_Task details_
Without the pictures, write out every entry that follows exactly.

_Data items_
=======

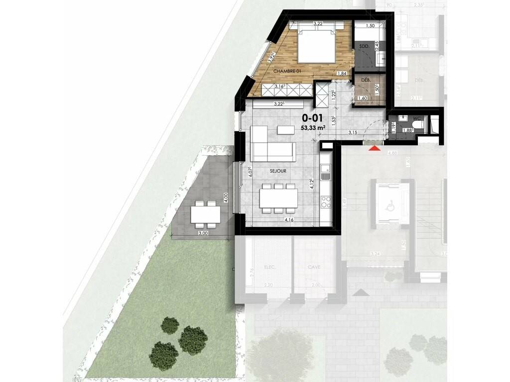 NEW HOME presents for sale, in collaboration with JANS Constructions and iPlan by Marc Gubbini Architectes, a beautiful 10-unit residence for future completion. Located on a quiet street in the Beggen district, the Elvis residence offers an exceptional quality of life while maintaining close proximity to Luxembourg City. LOT 001 - This ground-floor apartment offers one bedroom, a terrace, a private garden and a private cellar. An indoor parking space is available at an additional cost.
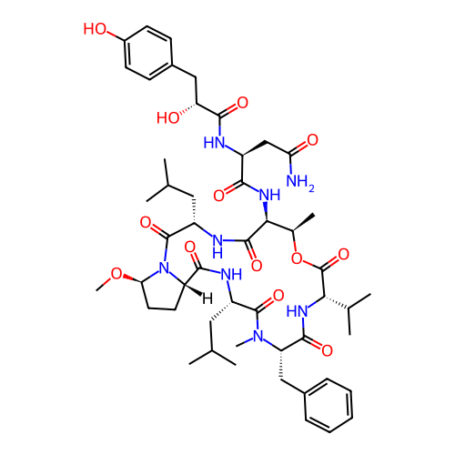 | SMILES | C[C@@H]1[C@@H](C(=O)N[C@H](C(=O)N2[C@@H](CC[C@H]2OC)C(=O)N[C@H](C(=O)N([C@H](C(=O)N[C@H](C(=O)O1)C(C)C)CC3=CC=CC=C3)C)CC(C)C)CC(C)C)NC(=O)[C@H](CC(=O)N)NC(=O)[C@@H](CC4=CC=C(C=C4)O)O |
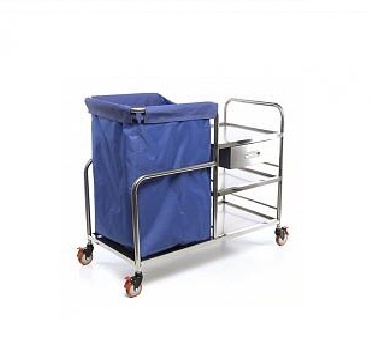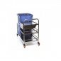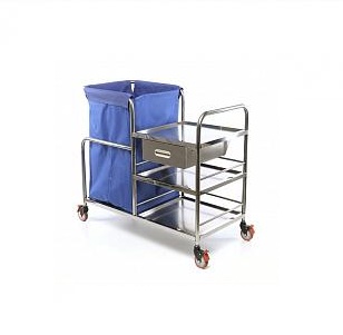 Многофункциональная сервисная тележка с тремя полками, оборудованными торцевыми ограждениями, а под верхней находится выдвижной ящик на шариковых телескопических направляющих с доводчиками. Высокий мягкий мешок-контейнер из крупнотканного полиэстера с резиновым накатом с изнаночной стороны, который можно снять с тележки, освободив высокое транспортировочное место. Технические свойства тележки обеспечивают многогранную сферу применения для этого сервисного устройства.
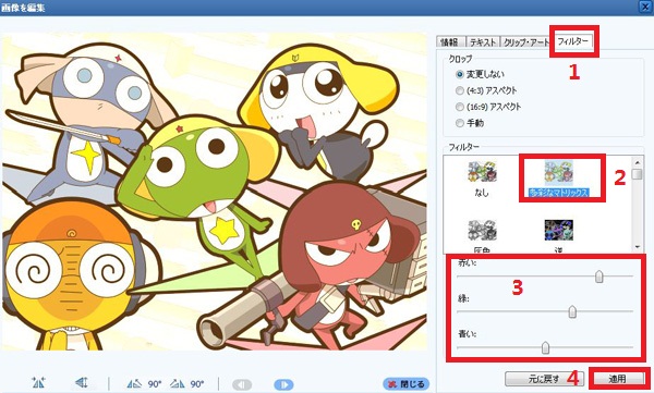 ♦ 画像をPhoto Flash Maker に追加後、ダブルクリックし、「画像を編集」というウィンドウが開きます;下図のように、「フィルター」タブをクリックし、フィルター効果を選び、効果の色、明るさなどを調整して、最後「適用」ボタンをクリックしてください。
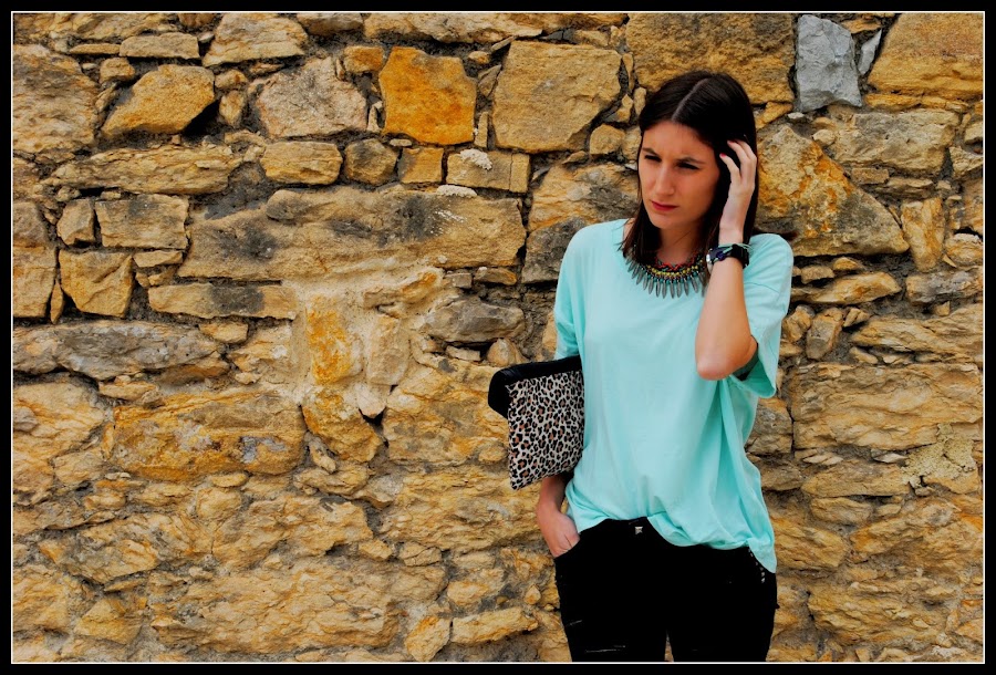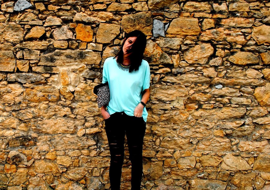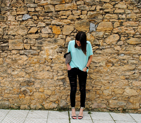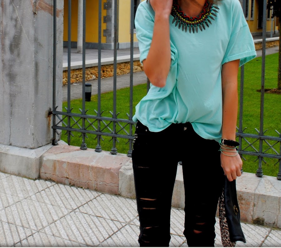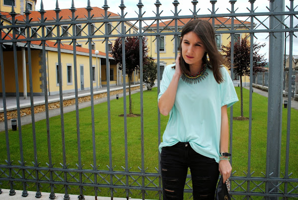 Hi Tuesday, here we go!! Few days ago I showed you my ripped pants with a very rock look, but today I decided to create a look more sweet, so I combined this pants with my mint t-shirt, I guess you know that this color is trend of Spring and I"m happy! It"s one of my favorites colors for many reasons, is cheerful, elegant and flattering. I also added necklace and sandals that I showed you in the previous post.

=======

_Solution to this task_
 NEW HOME presents for sale, in collaboration with JANS Constructions and iPlan by Marc Gubbini Architectes, a beautiful 10-unit residence for future completion. Located on a quiet street in the Beggen district, the Elvis residence offers an exceptional quality of life while maintaining close proximity to Luxembourg City. LOT 001 - This ground-floor apartment offers one bedroom, a terrace, a private garden and a private cellar. An indoor parking space is available at an additional cost.
 | SMILES | C[C@@H]1[C@@H](C(=O)N[C@H](C(=O)N2[C@@H](CC[C@H]2OC)C(=O)N[C@H](C(=O)N([C@H](C(=O)N[C@H](C(=O)O1)C(C)C)CC3=CC=CC=C3)C)CC(C)C)CC(C)C)NC(=O)[C@H](CC(=O)N)NC(=O)[C@@H](CC4=CC=C(C=C4)O)O |
 Многофункциональная сервисная тележка с тремя полками, оборудованными торцевыми ограждениями, а под верхней находится выдвижной ящик на шариковых телескопических направляющих с доводчиками. Высокий мягкий мешок-контейнер из крупнотканного полиэстера с резиновым накатом с изнаночной стороны, который можно снять с тележки, освободив высокое транспортировочное место. Технические свойства тележки обеспечивают многогранную сферу применения для этого сервисного устройства.
 ♦ 画像をPhoto Flash Maker に追加後、ダブルクリックし、「画像を編集」というウィンドウが開きます;下図のように、「フィルター」タブをクリックし、フィルター効果を選び、効果の色、明るさなどを調整して、最後「適用」ボタンをクリックしてください。
 Hi Tuesday, here we go!! Few days ago I showed you my ripped pants with a very rock look, but today I decided to create a look more sweet, so I combined this pants with my mint t-shirt, I guess you know that this color is trend of Spring and I"m happy! It"s one of my favorites colors for many reasons, is cheerful, elegant and flattering. I also added necklace and sandals that I showed you in the previous post.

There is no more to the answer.